▶ How to complete this task:
Repeat, exactly as written, all of the entries, but not their pictures.

▶ Task material:
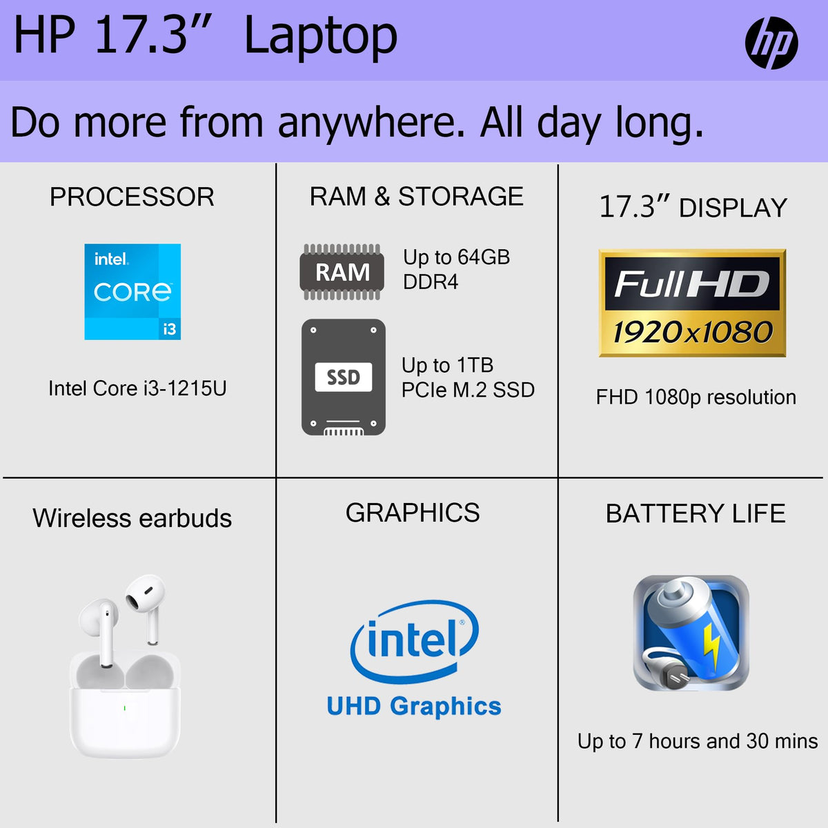 Hp 17.3'' Laptop With Wireless Earbuds, Full Hd Display, 32Gb Ram, 1.5Tb Storage(1Tb Ssd Onboard+ 500Gb External Drive), Intel 6
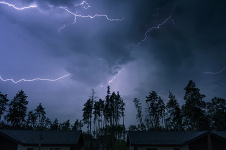 Dramatic night sky with bright lightning during a thunderstorm. Thunderstorm in the suburbs, forest and houses.
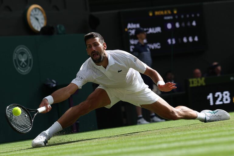 Un año después, De Miñaur no perdió la ocasión de mostrarse ante la central de Wimbledon y llegó a tambalear los cimientos del intento de Djokovic de lograr su vigésimo quinto Grand Slam en un torneo que se le da de maravilla y en el que ha ganado 45 de sus últimos 43 partidos. Sus únicas derrotas, las últimas dos finales contra Carlos Alcaraz.
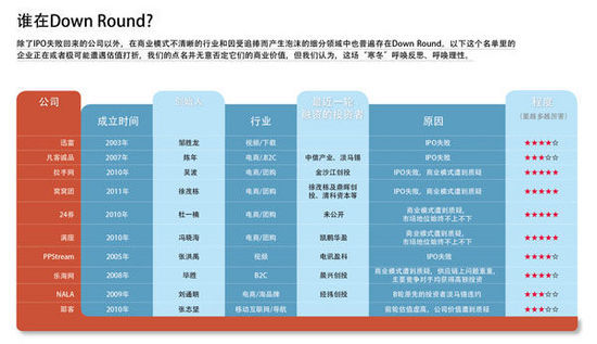 低迷情绪像被推倒的多米诺骨牌一样传导着。Down Round(“估值打折”,指投资者在一轮融资中购买同一家公司股票的价格低于对上一次融资投资者支付价格的情况)的阴霾如鬼魅般笼罩在中国互联网业以及一些传统行业之上。
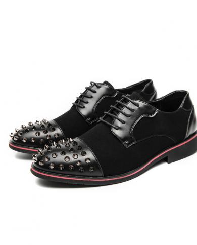 New Men Casual Shoes Laceup Breathable Rivet Black Handmade Men
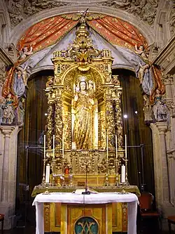 La imagen de Nuestra Señora del Pilar perteneció al mainel de la antigua portada principal de la iglesia y puede ser del siglo XIV. Es objeto de gran devoción popular desde la Edad Media.[8][11]
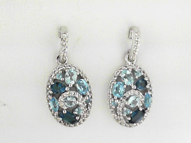 Sterling Silver Blue Topaz 1.94ct Earrings with White Topaz .39ct
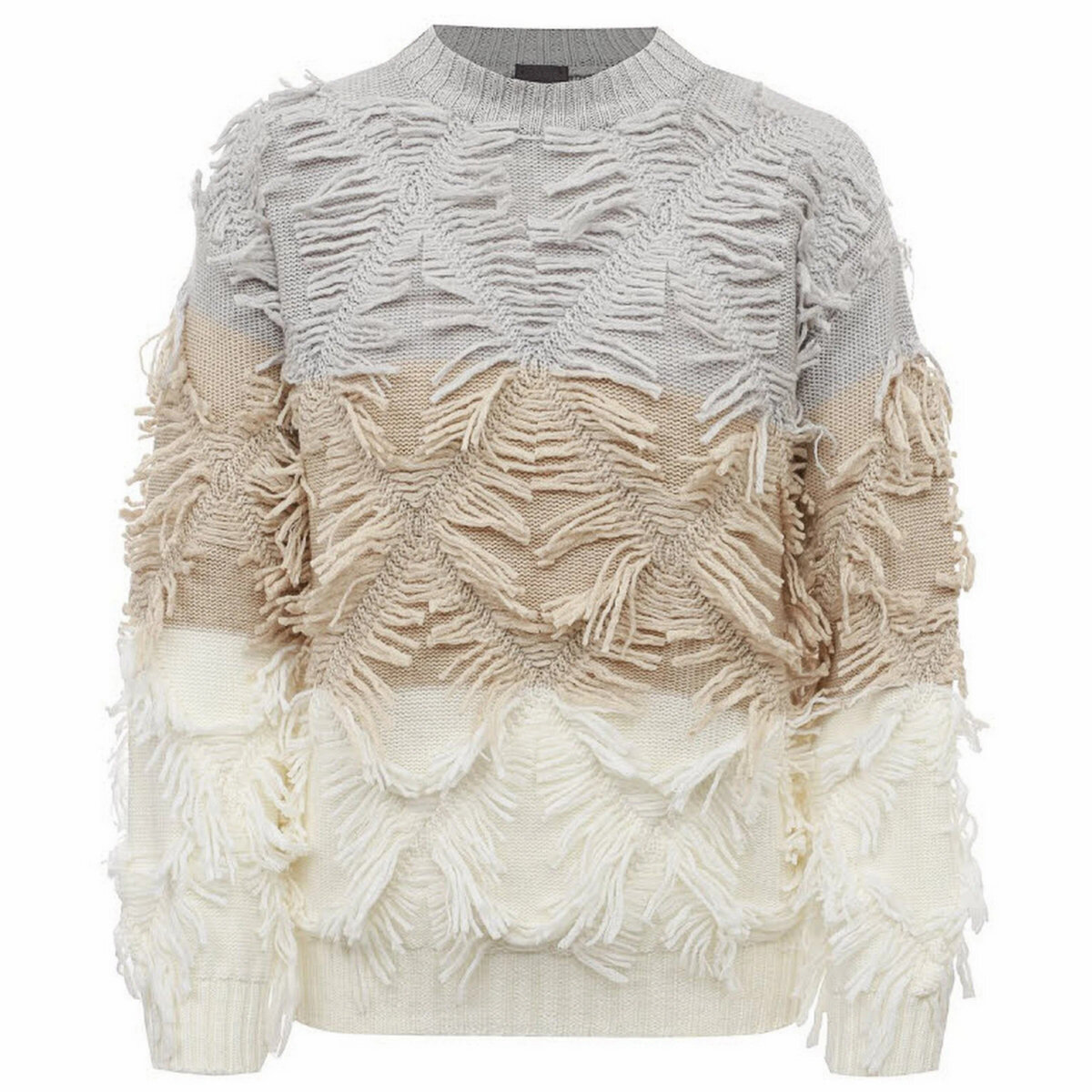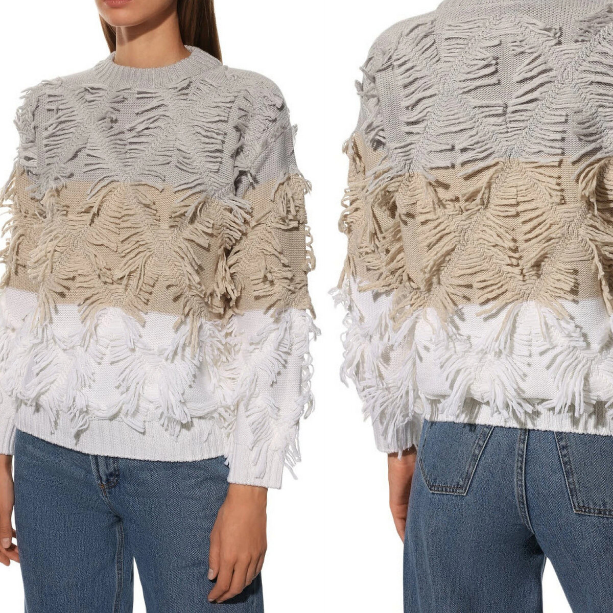 Такая классная модель и вроде бы даже ничего сложного: я вижу здесь несколько простых переходов цвета — самый обычный колор блок из полос; основной узор — изнаночная гладь; ромбовидные перекрещивания из английской резинки; и бахрома.
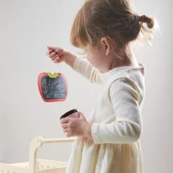 This shopping trolley features a fabric base that adds extra room for all those supermarket goodies and a sweet little apple-shaped chalkboard is perfect for writing a shopping list or drawing pictures.
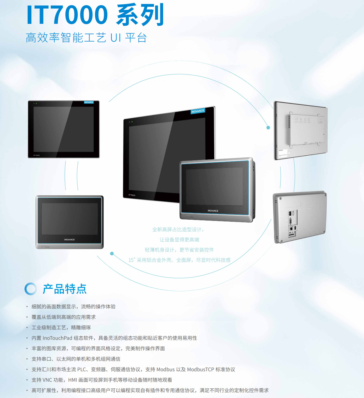 IT7000是匯川基于工控HMI發(fā)展趨勢(shì)研發(fā)的全新一代觸摸屏,在顯示效果上有顯著提升,與傳統(tǒng)HMI相比,IT7000通信更加豐富,功能更加全面,具有更強(qiáng)大的數(shù)據(jù)處理能力和更快的響應(yīng)速度。
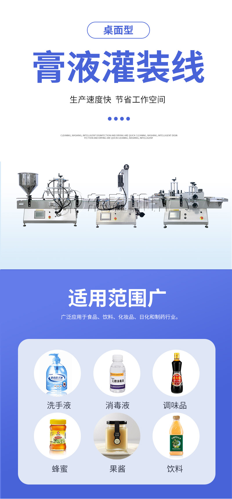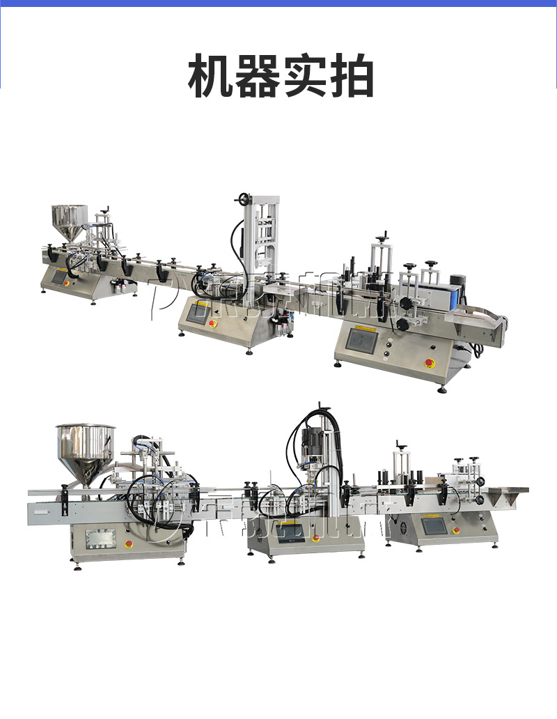 產(chǎn)品說明:生產(chǎn)線根據(jù)灌裝范圍選擇型號,灌裝部分為雙頭下潛式灌裝機,適用于不同物料不同瓶子的灌裝,配備自動壓蓋機和圓瓶貼標(biāo)機,可實現(xiàn)不同蓋子的旋蓋貼標(biāo)工作。 本設(shè)備主要適用于食品、日;
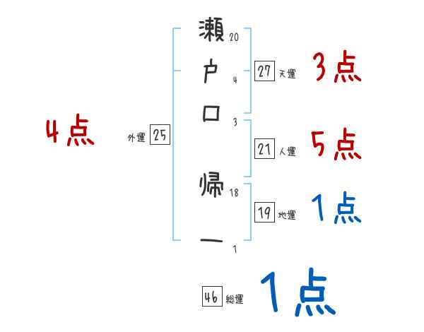 天運![]() | 瀬戸口帰一さんの天運は27画の3つ星!頭脳明晰だが強情で摩擦が多い傾向。孤立に注意。 家系が持つ宿命的な運勢を表します。祖先から受け継いだ苗字ですので自分の力が及びません。家柄を象徴します。 |

▶ Output for this exercise:
 Hp 17.3'' Laptop With Wireless Earbuds, Full Hd Display, 32Gb Ram, 1.5Tb Storage(1Tb Ssd Onboard+ 500Gb External Drive), Intel 6
 Dramatic night sky with bright lightning during a thunderstorm. Thunderstorm in the suburbs, forest and houses.
 Un año después, De Miñaur no perdió la ocasión de mostrarse ante la central de Wimbledon y llegó a tambalear los cimientos del intento de Djokovic de lograr su vigésimo quinto Grand Slam en un torneo que se le da de maravilla y en el que ha ganado 45 de sus últimos 43 partidos. Sus únicas derrotas, las últimas dos finales contra Carlos Alcaraz.
 低迷情绪像被推倒的多米诺骨牌一样传导着。Down Round(“估值打折”,指投资者在一轮融资中购买同一家公司股票的价格低于对上一次融资投资者支付价格的情况)的阴霾如鬼魅般笼罩在中国互联网业以及一些传统行业之上。
 New Men Casual Shoes Laceup Breathable Rivet Black Handmade Men
 La imagen de Nuestra Señora del Pilar perteneció al mainel de la antigua portada principal de la iglesia y puede ser del siglo XIV. Es objeto de gran devoción popular desde la Edad Media.[8][11]
 Sterling Silver Blue Topaz 1.94ct Earrings with White Topaz .39ct
 Такая классная модель и вроде бы даже ничего сложного: я вижу здесь несколько простых переходов цвета — самый обычный колор блок из полос; основной узор — изнаночная гладь; ромбовидные перекрещивания из английской резинки; и бахрома.
 This shopping trolley features a fabric base that adds extra room for all those supermarket goodies and a sweet little apple-shaped chalkboard is perfect for writing a shopping list or drawing pictures.
 IT7000是匯川基于工控HMI發(fā)展趨勢(shì)研發(fā)的全新一代觸摸屏,在顯示效果上有顯著提升,與傳統(tǒng)HMI相比,IT7000通信更加豐富,功能更加全面,具有更強(qiáng)大的數(shù)據(jù)處理能力和更快的響應(yīng)速度。
 產(chǎn)品說明:生產(chǎn)線根據(jù)灌裝范圍選擇型號,灌裝部分為雙頭下潛式灌裝機,適用于不同物料不同瓶子的灌裝,配備自動壓蓋機和圓瓶貼標(biāo)機,可實現(xiàn)不同蓋子的旋蓋貼標(biāo)工作。 本設(shè)備主要適用于食品、日;
 天運![]() | 瀬戸口帰一さんの天運は27画の3つ星!頭脳明晰だが強情で摩擦が多い傾向。孤立に注意。 家系が持つ宿命的な運勢を表します。祖先から受け継いだ苗字ですので自分の力が及びません。家柄を象徴します。 |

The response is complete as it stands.